HOW TO COMPLETE THIS TASK: From the line with "A Cersanit Arteco" to the line with "De zachte stof", output every line below exactly, both ends included. Skip the pictures.

THE DATA:
-- -- --
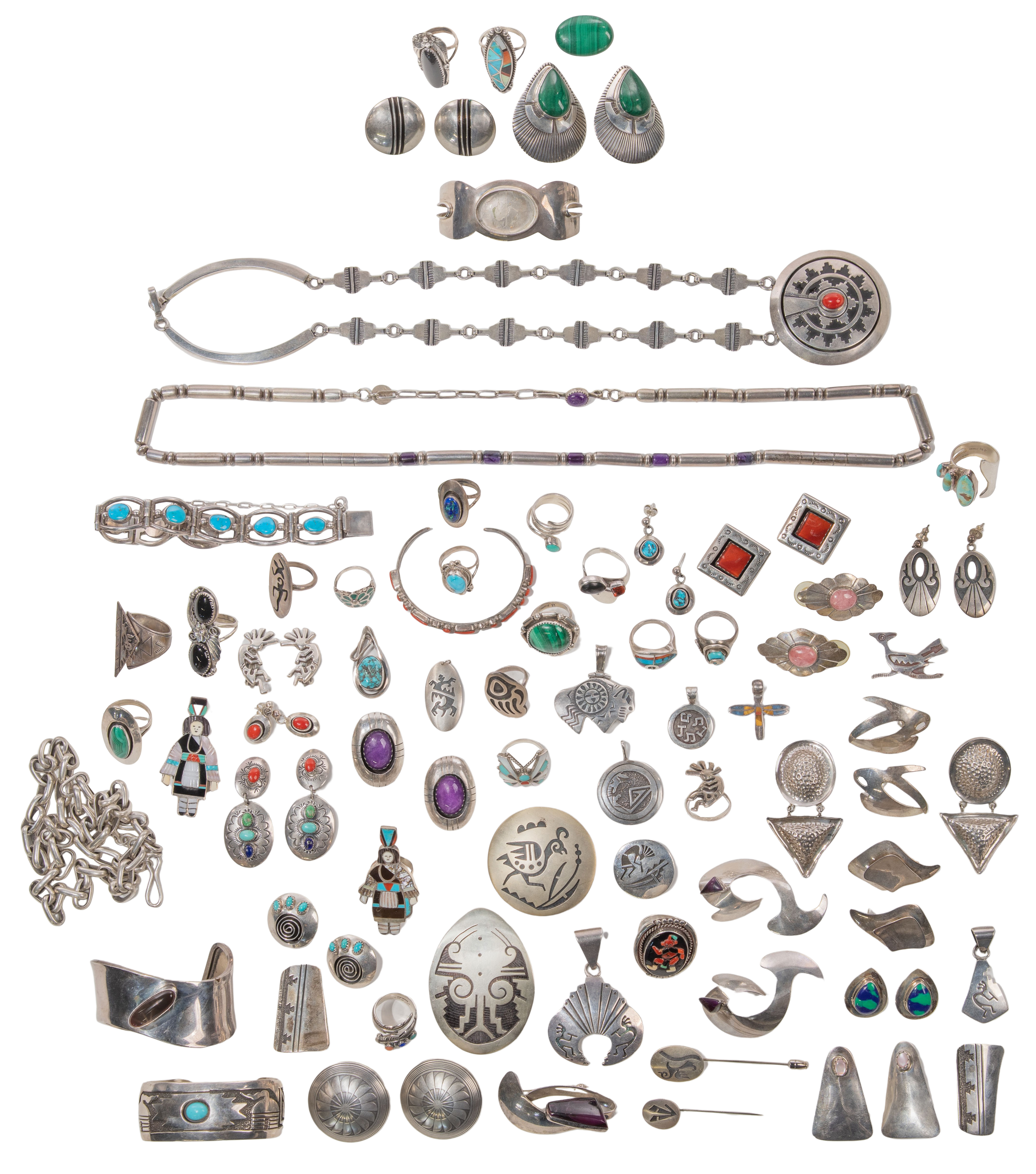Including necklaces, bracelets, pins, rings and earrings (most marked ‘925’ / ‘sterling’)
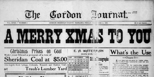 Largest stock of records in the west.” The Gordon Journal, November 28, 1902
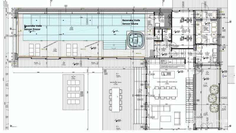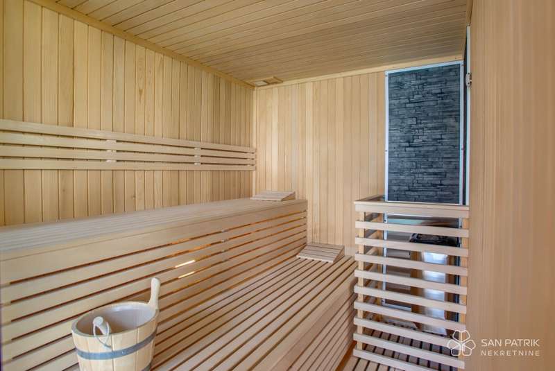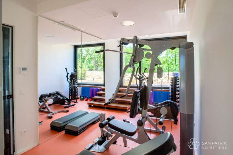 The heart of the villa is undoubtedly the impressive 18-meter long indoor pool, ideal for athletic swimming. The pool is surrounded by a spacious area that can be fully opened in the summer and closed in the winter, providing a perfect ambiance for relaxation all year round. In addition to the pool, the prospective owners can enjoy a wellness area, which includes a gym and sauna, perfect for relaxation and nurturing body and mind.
-- -- --
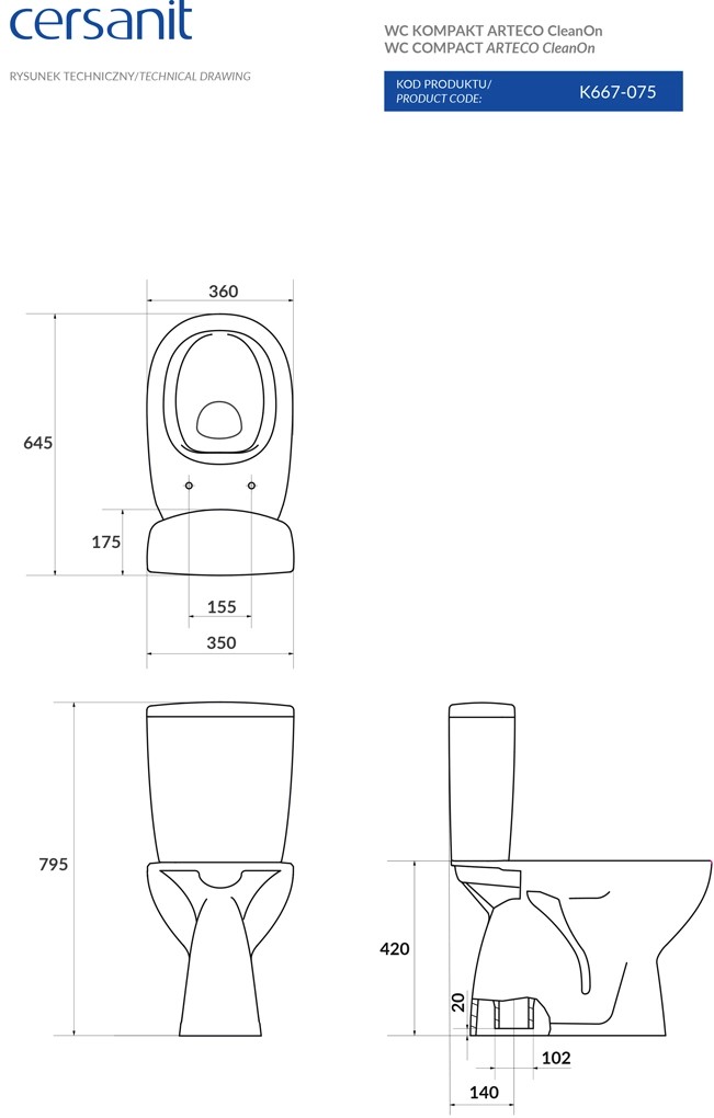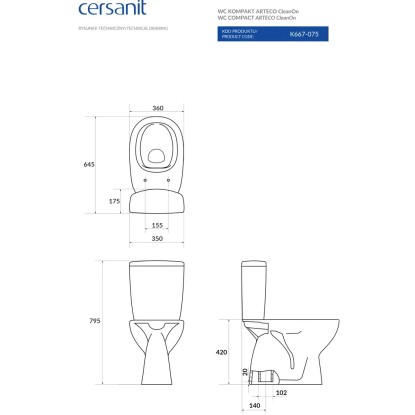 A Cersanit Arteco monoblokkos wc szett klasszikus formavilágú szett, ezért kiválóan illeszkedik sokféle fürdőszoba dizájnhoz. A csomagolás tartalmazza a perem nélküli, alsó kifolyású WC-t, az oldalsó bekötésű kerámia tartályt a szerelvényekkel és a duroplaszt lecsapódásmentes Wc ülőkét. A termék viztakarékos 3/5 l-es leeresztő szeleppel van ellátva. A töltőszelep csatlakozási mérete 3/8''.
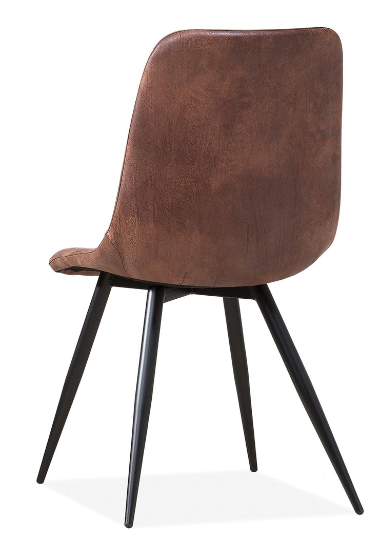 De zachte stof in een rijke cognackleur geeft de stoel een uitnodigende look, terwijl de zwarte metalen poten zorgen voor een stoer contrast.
-- -- --
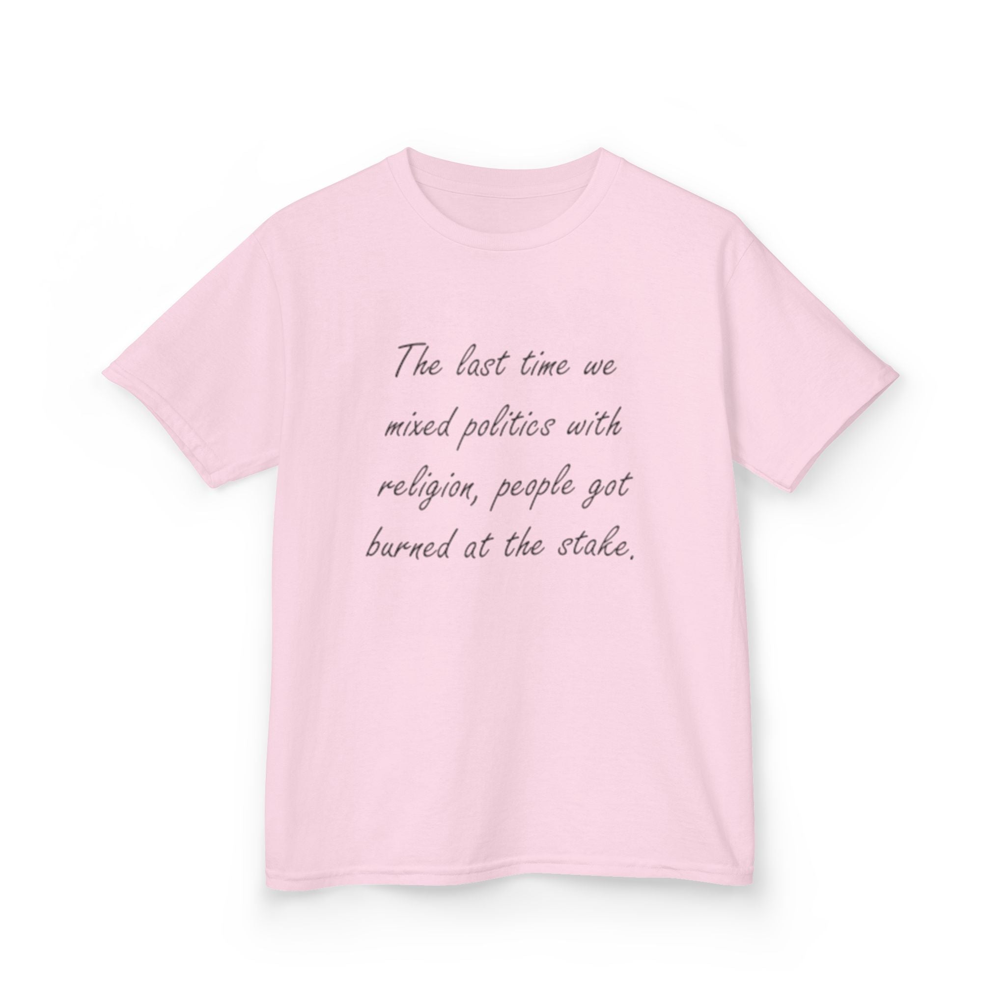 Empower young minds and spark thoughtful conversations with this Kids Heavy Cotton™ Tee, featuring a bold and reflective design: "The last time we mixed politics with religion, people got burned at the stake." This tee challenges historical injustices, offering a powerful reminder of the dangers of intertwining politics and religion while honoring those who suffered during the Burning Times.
-- -- --
RESULT OF THIS EXERCISE:
 A Cersanit Arteco monoblokkos wc szett klasszikus formavilágú szett, ezért kiválóan illeszkedik sokféle fürdőszoba dizájnhoz. A csomagolás tartalmazza a perem nélküli, alsó kifolyású WC-t, az oldalsó bekötésű kerámia tartályt a szerelvényekkel és a duroplaszt lecsapódásmentes Wc ülőkét. A termék viztakarékos 3/5 l-es leeresztő szeleppel van ellátva. A töltőszelep csatlakozási mérete 3/8''.
 De zachte stof in een rijke cognackleur geeft de stoel een uitnodigende look, terwijl de zwarte metalen poten zorgen voor een stoer contrast.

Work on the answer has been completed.